Efficient doesn’t necessary equal quality of life. You must consider psychological perceptions. To improve the experience of living in a city, you must understand the psychological perfections of living in a city.
The Good City Life project asked ‘Can we measure the experience of living in a city?’ Turns out they could…
The first area of focus was beauty – how attractive parts of the city were. Urbangems.org allowed people to select the most beautiful photos from choice of two. The data collected here helped assess how beautiful a city was. This involved a lot of work from people manually selecting the photo they found most beautiful which wasn’t scalable. It was made more scalable by training an AI to learn the assessment of beauty so it could rate photos.
This data was then used in Happy Maps – an app that recommended users directions through the most beautiful, pleasant locations. Even if it took slightly longer, it would seem shorter as it was a nicer walk.
The feedback on Happy Maps was good but people felt there was something missing – smell; ie. I may walk down a beautiful alley but it smelled of smog. Smell impacts our experience of space as much as sight. Sending people around cities manually measuring smells was not scalable. So they created a taxonomy categorising different smells and each smell’s pleasantness. They then posted photos to social media, asking users to add smell tags to photos taken around different parts of the city. Smelly Maps was then launched.
The same was then done with sound and culture, where they mapped the cultures around different parts of the world. This data was useful to predicting future rent prices in different areas.

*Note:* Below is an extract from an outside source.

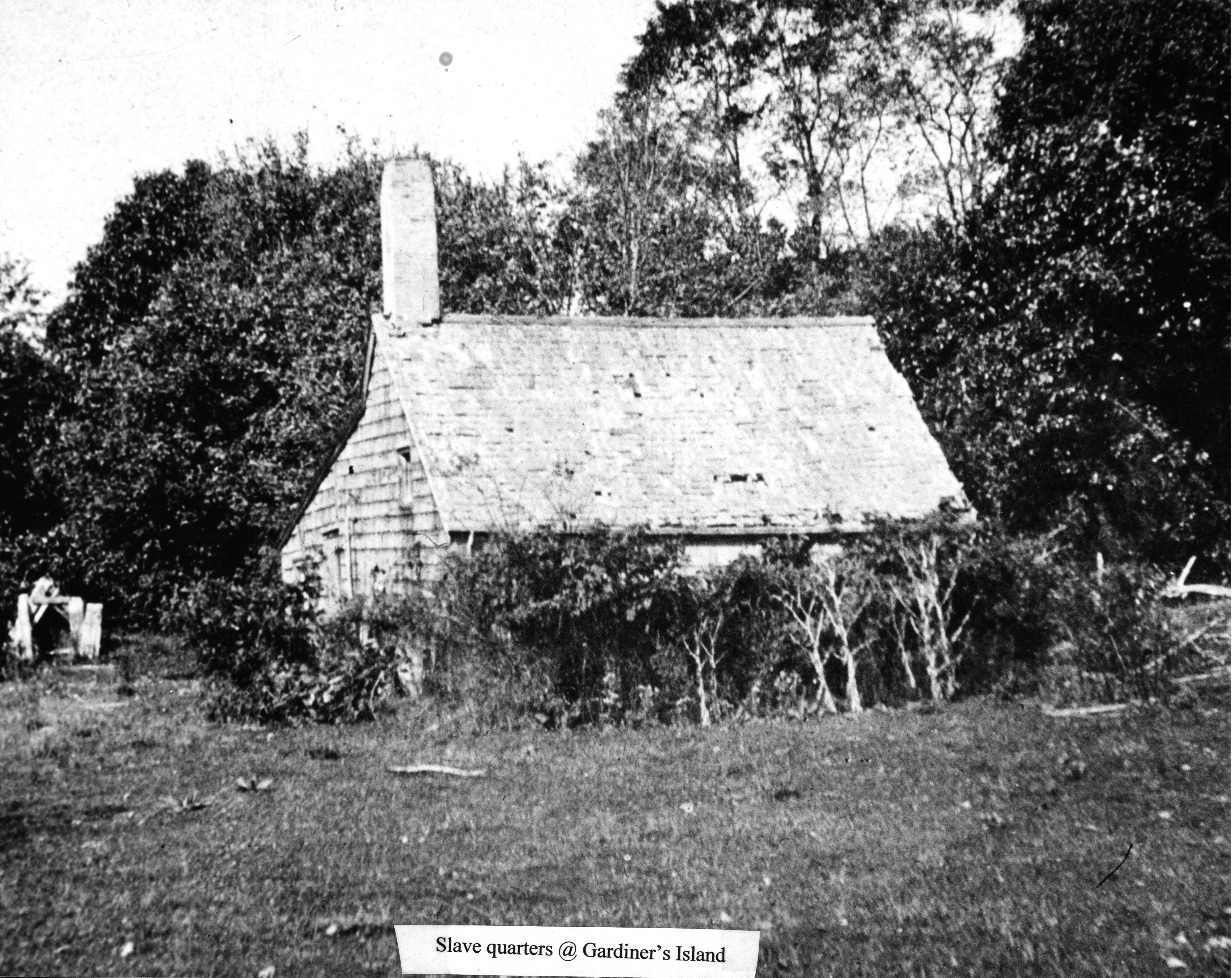 This image was scanned from the files of the Springs Historical Society/Library. A date is approximated based on the photo technology used. This would have been at least some of the housing for the people enslaved by the Gardiner Family on Gardiner's Island. Accounts indicate the Gardiner Family enslaved people from both African heritage and Native American heritage.

After that, they mapped food consumption: A map of types of food consumed by people in different parts of London to predict where people would likely fall ill. For example, where people consume the most fat or sugar.

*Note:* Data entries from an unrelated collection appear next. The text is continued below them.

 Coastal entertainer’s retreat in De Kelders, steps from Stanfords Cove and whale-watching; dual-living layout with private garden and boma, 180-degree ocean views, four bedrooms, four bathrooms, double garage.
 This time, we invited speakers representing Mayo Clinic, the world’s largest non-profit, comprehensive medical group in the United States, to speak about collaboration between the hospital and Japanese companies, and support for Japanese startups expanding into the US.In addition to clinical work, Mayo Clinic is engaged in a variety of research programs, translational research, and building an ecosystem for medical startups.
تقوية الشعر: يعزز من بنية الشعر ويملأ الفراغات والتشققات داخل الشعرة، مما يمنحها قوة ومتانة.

These maps weren’t only nice, but they were useful and delivered value.
Misconceptions about AI
Over the last few years we’ve seen an explosion of complexity in our data science models but complexity is not intelligence. It’s not AI, it’s machine learning models.
- Corporations have a false sense of progression in AI. From a business perspective they are celebrating AI as a new hype but the reality is that we’ve just got more complex machine learning models.
- The public see data science being a way for corporations to make money. Whilst that’s true it’s not the only benefit. In the future, data science will improve people’s lives. Data science will improve areas such as healthcare but the public don’t realise this yet. We need to show people how data can improve people’s lives.
- Data scientists want to do cool things. They should understand the business needs and the business application of what they do. A lot of companies struggle to get things into production and for this we need technical and business application to combine. People getting into the field think ‘I’m going to go into a dark room and get into crazy cool stuff’ but in reality they need to talk to people and promote what they do. Understand stakeholder needs.
- Data scientists should talk to stakeholders to understand the problem being solved. They should communicate the problems their data models solve differently depending who they’re talking to so it can be tailored to who they’re talking to. The right pitch for the right audience.
Ethics
- AI is a tool and it doesn’t change companies responsibility to be ethical. But it can be complex and not clear how some decisions or recommendations are made. There may be unfair biases in the system without you realising. You should be able to explain to clients why a system is behaving the way it is. That’s an area organisations are struggling with.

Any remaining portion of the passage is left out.